Blend of regret +‎ Brexit, said to have been coined on 24 June 2016 by one Carl Gardner in a Twitter post (see quotations) following the United Kingdom European Union membership referendum on 23 June 2016.

Noun

Regrexit (uncountable)

  1. (UK politics) A feeling of regret about Brexit taking place, or about having voted for it.
    • 2016 June 24, Carl Gardner (@carlgardner), Twitter, archived from the original on 2 November 2016:
      Labour has one chance now. To emerge within weeks as Britain's centrist "Regrexit Unionist" party.
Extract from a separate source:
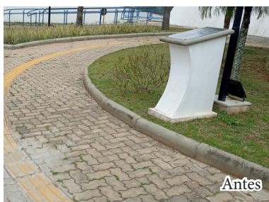
Revitalização do jardim e dos gradis

If it did that, even I might forgive it.
    • 2016 June 24, Jonathan Freedland, “For the 48%, this was a day of despair: Soon we will become little Britain. The signs of Regrexit are cold comfort for those of us who voted to remain.”, in The Guardian, London, archived from the original on 13 September 2016, subtitle:
      There are leave voters who confessed to reporters that they never thought their side would actually win, that their vote had only ever been intended as a protest, presumed to be safe because surely everyone else would vote the other way. [] A Twitter user came up with a new coinage for this rapid form of buyer's remorse: Regrexit. [] When some of those leave voters see that Brexit has not brought back the good jobs of old, that housing is still in desperately short supply and that a migrant family still lives round the corner, the Regrexit sentiment will grow.
    • 2016 June 26, Abhidevananda <[email protected]>, “Re: Brexit”, in uk.philosophy.humanism (Usenet), message-ID <[email protected]>:
      From reports, the UK is moving rapidly from Brexit to Regrexit.
    • 2016 June 27, Adam Taylor, “Bregret? Regrexit? Don't bet on it.”, in The Washington Post, archived from the original on 6 October 2016:
      In the spirit of Brexit, these attitudes even have their own media-friendly nickname: Bregret or Regrexit.
    • 2016 June 29, Anna Wallis, “Brexit lessons here”, in Wanganui Chronicle:
      There were many reasons for the Leave vote, and Regrexit is now gaining momentum.
    • 2017, Markus M.L. Crepaz, European Democracies, Routledge, →ISBN:
      Within a few days, petitions to re-do the vote emerged with more than four million signatures, known as 'Regrexit.'
    • 2018, Victor O. Okocha, Leadership and Development Crises in Africa: A New Approach to an Old Challenge, Dorrance Publishing, →ISBN, page 234:
      There's a chance, especially with the 'Regrexit' sentiment surfacing, that the U.K. will still be part of the EU in two years.